Reasons & Remarks: Speedy Awards For Terry & Jim

You only have to meet Jim once for it to become clearly evident that his military discipline commands an aura of respect

By Tom Fjerstad/Editor

The Paralyzed Veterans of America (PVA) Annual Convention took place in mid-May in Aurora, Colo. This was my 28th PVA convention. And while many things have changed over the years, many of the important aspects of the gathering have remained the same.

One of these is the presentation of the Speedy Awards. The PVA Speedy Award was created in 1956 to acknowledge the outstanding accomplishments of both members and non-members and to recognize significant contributions to improving the lives of America’s paralyzed veterans.

Award recipients have included doctors and researchers, members of Congress, PVA members and others who had a dedicated commitment to our organization or our greater cause as a whole.

Herbert S. Talbot, MD, received the award in 1958. Talbot was the chief of the Paraplegic Services and Urology at the West Roxbury VA (Department of Veterans Affairs) Hospital in Massachusetts and had authored an article published in the July 7, 1956, issue of The Journal of the American Medical Association, titled Care of the Bladder in Neurological Disorders and another in the March 27, 1958, issue of the New England Journal of Medicine, called Functional Disorders of the Urinary Bladder.

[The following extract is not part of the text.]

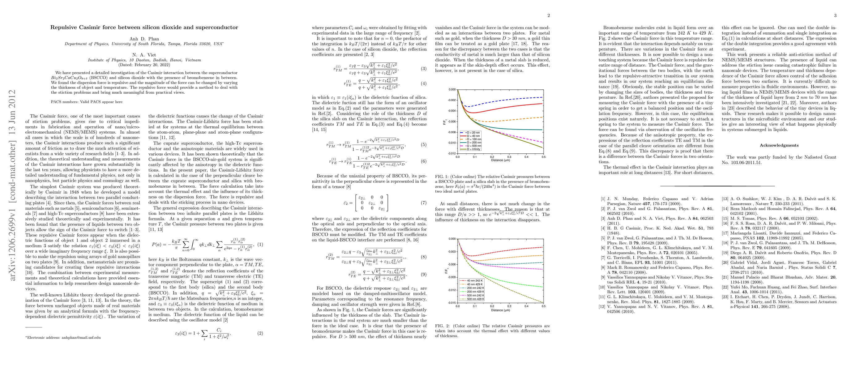 This study investigates the repulsive Casimir force between a superconductor (BSCCO) and silicon dioxide with bromobenzene in between, revealing a tunable dispersion force influenced by object thickness and temperature, potentially addressing stiction issues.

Talbot is a name I randomly plucked from our list of Speedy recipients as an example of the truly exceptional people who either directly or indirectly had a profound effect on the well-being of PVA members and others. A book could be written to exhume the accomplishments of all the recipients of our most prestigious award.

This year’s Speedy recipients are James (Jim) Russell and Terrance (Terry) Tyna (posthumously). 

I was serving as a parliamentarian in 2003 at the annual PVA convention in San Juan, Puerto Rico, when I saw Terry digging through an enormous stack of papers. He always came to the meetings extremely well-prepared. I also noticed his copy of Robert’s Rules of Order was dog-eared and full of sticky notes, even more so than usual.

Sensing that something was up, I confronted Terry, who became a bit flummoxed and began to explain a situation he was preparing for surrounding a particular piece of business. Terry assured me he wasn’t looking to play “gotcha” with the parliamentarian, but he had a sincere and deep concern things could possibly go down a path that would be unfair.

I always admired Terry for his unwavering and relentless pursuit of fairness when it came to issues that affected his fellow veterans. Terry’s greatest passion was advocating for PVA members’ health care, as was evidenced by his years of service on PVA’s Field Advisory Committee, whose mission is to assist the organization in assuring that all PVA members receive the highest quality health care.

PVA is unquestionably for the less without him. Terry, we miss you and wish you could have received your well-deserved Speedy while you were still rolling the halls of spinal-cord injury centers and looking for ways to improve our mutual well-being.

Many PVA members who know Jim Russell may first think of his passion for trapshooting. But there’s so much more to this man who has supported our organization for decades — more than I can begin to touch upon in this editorial.

Jim enlisted in the Marine Corps in 1958 and began his military career as a private. After serving three tours of duty in Vietnam and earning a bachelor’s degree in business/economics from Chapman College (now Chapman University) in Orange, Calif., he had climbed the ladder to the rank
of major.

He joined PVA in 1978 following a motorcycle accident while stationed at Marine Corps Base Camp Pendleton near Oceanside, Calif. After his retirement from the Marines, he continued his education, obtaining a Master of Business Administration from San Diego State University in San Diego.

You only have to meet Jim once for it to become clearly evident that his military discipline commands an aura of respect. This, combined with an astute grasp of business acumen, meant PVA was blessed with a true leader.

Jim has served in many positions with PVA over the years, but one that touches me personally is his service on PVA’s Judicial Committee. This committee adjudicates all complaints against individual PVA members. He’s now chairman of the committee on which he has served since 2004.

I was fortunate to serve on this committee with Jim for a few years and saw firsthand the amazingly fair and calm demeanor he possessed while deliberating the cases. If you know Jim, please pass on your appreciation for all he has done for PVA.

Congratulations, Terry and Jim. I’ve been honored to serve with each of you and feel blessed to call both of you friends.